Harvest when pods fill out, but before seeds turn starchy. Regular picking will increase yields.
Keep pea pods at near freezing temperatures for around a week.
Pest Info

         Aphids can be washed off plants with a hard stream of water. They have several natural predators that control populations including parasites (aphids appear grey or bloated), lady beetle larvae and lacewings.

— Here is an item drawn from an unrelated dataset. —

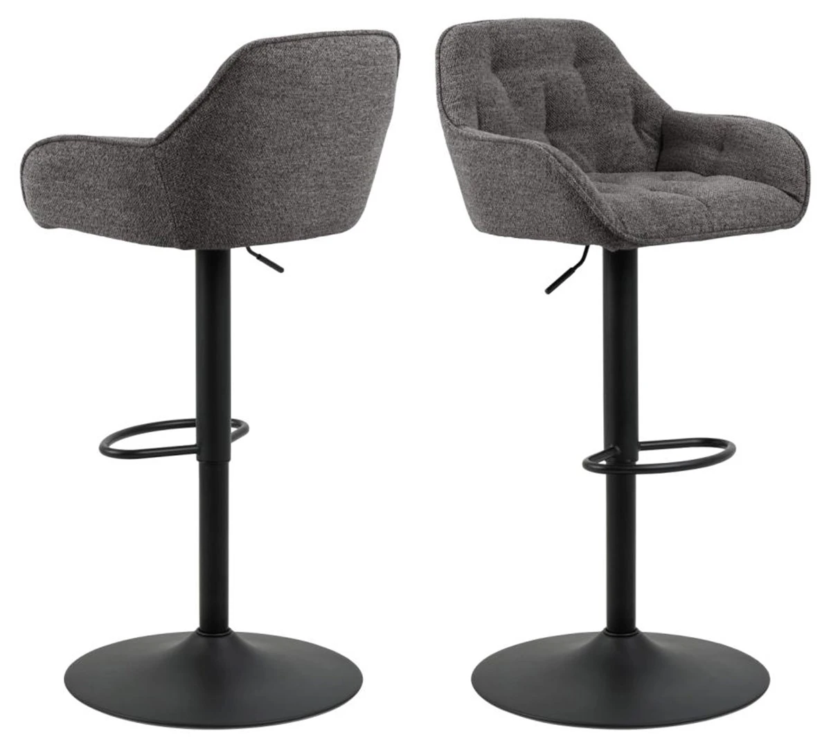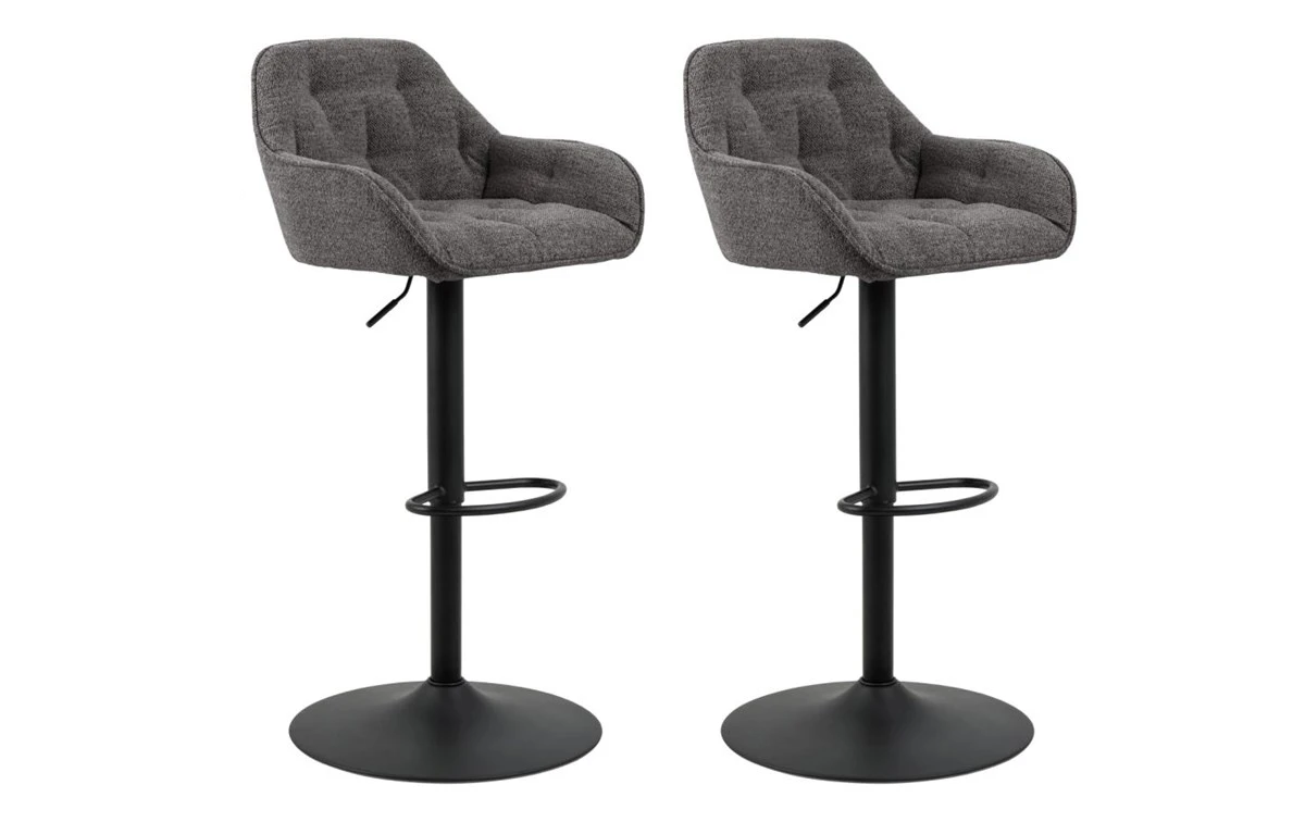 Voeg karakter toe aan uw woonkamer met het tijdloze silhouet van de set van 2 barstoelen BROOKE. Met zijn antraciet bekleding en zwarte poot, is hij ideaal voor een lang diner.

         Seedcorn maggot Avoid heavy applications of manure or organic matter, as this can attract the flies and encourage egg laying.  

Disease Info
  • Peas are subject to an array of root rots and wilts caused by different pathogens that are difficult to distinguish in the field and extremely difficult to control. The pathogens survive in the soil in dormant states that can persist for many years. Varieties resistant to all races of Fusarium oxysporum f. sp. pisi are available, and others with resistance to Pythium spp. and Fusarium solani f. sp. pisi are under development.
  • Peas are also subject to several leaf and pod blights, of which the most important are probably aschochyta blight (caused by any of three related species) and bacterial blight ( Pseudomonas syringae pv. pisi). Both these diseases are highly transmissible by seed; all of our pea seed is grown in arid areas in which these diseases do not occur. All pea plant residues should be buried, burned, or composted at high temperatures to destroy disease organisms.
  • Powdery mildew can be checked by providing good air circulation. Give plants wide spacing and eliminate weeds, especially milkweed, marshcress and yellowrocket. Choose resistant varieties.
Seed Saving Instructions
Self pollinated. Pea varieties do not require any distance for isolation. Peas being grown for seed must be trellised or else mold and dampness will rot the seed pods. Allow the pods to grow large and tough and eventually they and the plants will begin to dry down. Harvest by picking individual dry pods or by pulling the entire plants out of the ground and off the trellis. Shell by hand or thresh by flailing or stomping on a tarp. A 1/2" screen on top of a 1/4" screen will help with cleaning once the peas are threshed out of the pods. Pea seed will remain viable for 3 years under cool and dry storage conditions.